I think there was a few lessons I learned for myself almost immediately. 

If the milk turns sour, you don't put it in the fridge and try it again tomorrow. You throw it the heck out. 
If you are too much for someone, let them go find less - you are worthy and deserving of a true love, not what you just went through. 
They are likely projecting their own faults and inability onto the relationship - don't be angry they don't see it your way, be thankful that you have the emotional intelligence to do things the right way. Also recognize they can only meet you as far as they've met themselves. 
Be gentle with yourself. This is hard. It's the hardest thing I've ever done. Time will help, time will help you heal. 
Put up boundaries NOW about how you need to be treated now and stick to them. Don't allow yourself to be completely accessible to someone who has proven inaccessible to you. 

Things will be ok. Message me if you need anything! I've been there 100% and I am HERE for you if you need an ear.


----------



## Mr.Married (Feb 21, 2018)

Don’t be quick to take him back when the new girlfriend doesn’t work out. It would be ironic if he was being catfished.


----------



## Luckylucky (Dec 11, 2020)

It’s a bit conniving and cunning that he moved you all away from friends and family and then dropped the bomb… perfect way to isolate you (and himself) from both families so they don’t see the truth.

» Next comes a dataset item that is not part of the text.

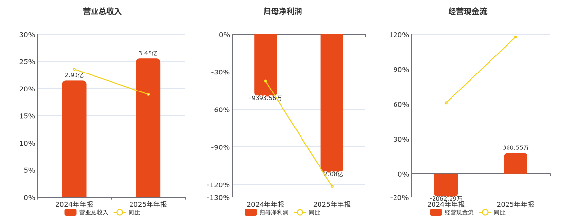 公司截至2025年12月31日,*ST立航营业总收入为3.45亿元,在已披露的同业公司中排名第26。截至2025年12月31日,*ST立航归母净利润为-2.08亿元,在已披露的同业公司中排名第26,较去年同报告期归母净利润减少1.14亿元。截至2025年12月31日,*ST立航经营活动现金净流入为360.55万元,在已披露的同业公司中排名第16。

This is the worst part of what I’m reading and smacks of serious cruelty.


----------



## frenchpaddy (May 31, 2021)

you moved a month ago it looks as he had an other love interest before he moved  and now that he is in a different city he wants her to join him , he thinks he can do the best for you who he still has feelings for but he loves the other


----------



## Sfort (Sep 28, 2019)

Burndownthedawn said:


> If the milk turns sour, you don't put it in the fridge and try it again tomorrow. You throw it the heck out.

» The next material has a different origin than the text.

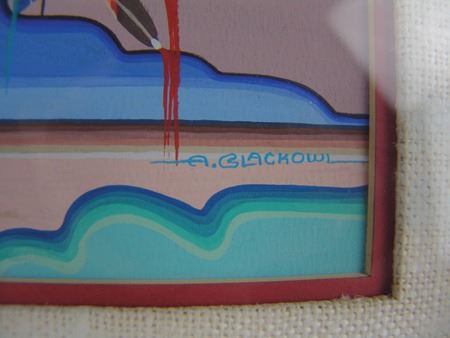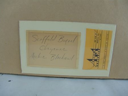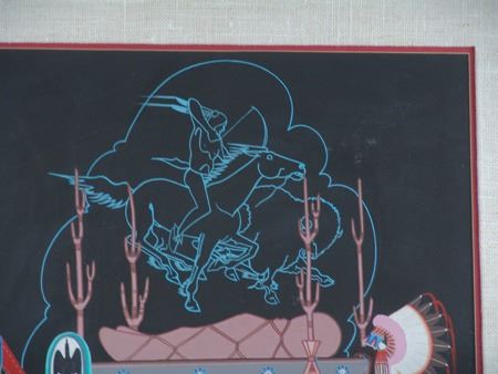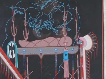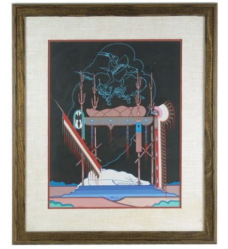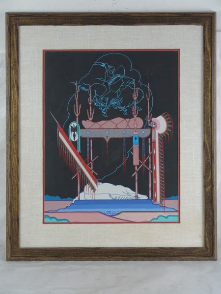 Ca. 1970, Beautiful signed original gouache on black paper titled "Cheyenne Burial Scaffold," with sprit rising above and the fallen warrior's horse lying below. Very good condition. Framed and matted under glass. 19" x 15" (28" x 24 " framed)

I need to remember that one.


----------



## Blondilocks (Jul 4, 2013)

Consult a divorce attorney pronto. No sex! No cooking, laundry, nothing for him. Go for alimony. He wants you to make this easy on him - screw him. Getting you to move and get him settled in is really selfish so return the favor.


----------



## coquille (May 8, 2018)

Sorry you are going through this. I wouldn't recommend you accept his "plan" of staying with you guys until he can leave and be on his own. Things will turn sour very quickly, especially if he is having an affair and he will be constantly messaging his affair partner. I would either kick him out or move back to the town where your families are and just tell them why you are moving back. But before anything else, I would file for divorce so that he starts paying you child support and spousal support. His move is extremely irresponsible and disgusting. Cut any contact and sex with him. Limit your interaction to what concern the kids only. No decent human being does this for his family. You need a support system to go through this, so moving back to live next to your family and friends is important now to help you navigate this difficult time.


----------



## DudeInProgress (Jun 10, 2019)

coquille said:


> Sorry you are going through this. I wouldn't recommend you accept his "plan" of staying with you guys until he can leave and be on his own. Things will turn sour very quickly, especially if he is having an affair and he will be constantly messaging his affair partner. I would either kick him out or move back to the town where your families are and just tell them why you are moving back. But before anything else, I would file for divorce so that he starts paying you child support and spousal support. His move is extremely irresponsible and disgusting. Cut any contact and sex with him. Limit your interaction to what concern the kids only. No decent human being does this for his family. You need a support system to go through this, so moving back to live next to your family and friends is important now to help you navigate this difficult time.


I second this. 
Do not allow him to exit your marriage at his convenience after detonating your marriage and family. Take control of the situation and get proactive right now. He gets no comfort, no convenience and no consideration if this is the path he wants.


----------



## Ursula (Dec 2, 2016)

I'm with @Sfort, he's met someone else, and doesn't want to be honest about it.


----------



## Luckylucky (Dec 11, 2020)

How are you doing OP? I was thinking of you away from your family and your situation. It must be hard being so isolated


----------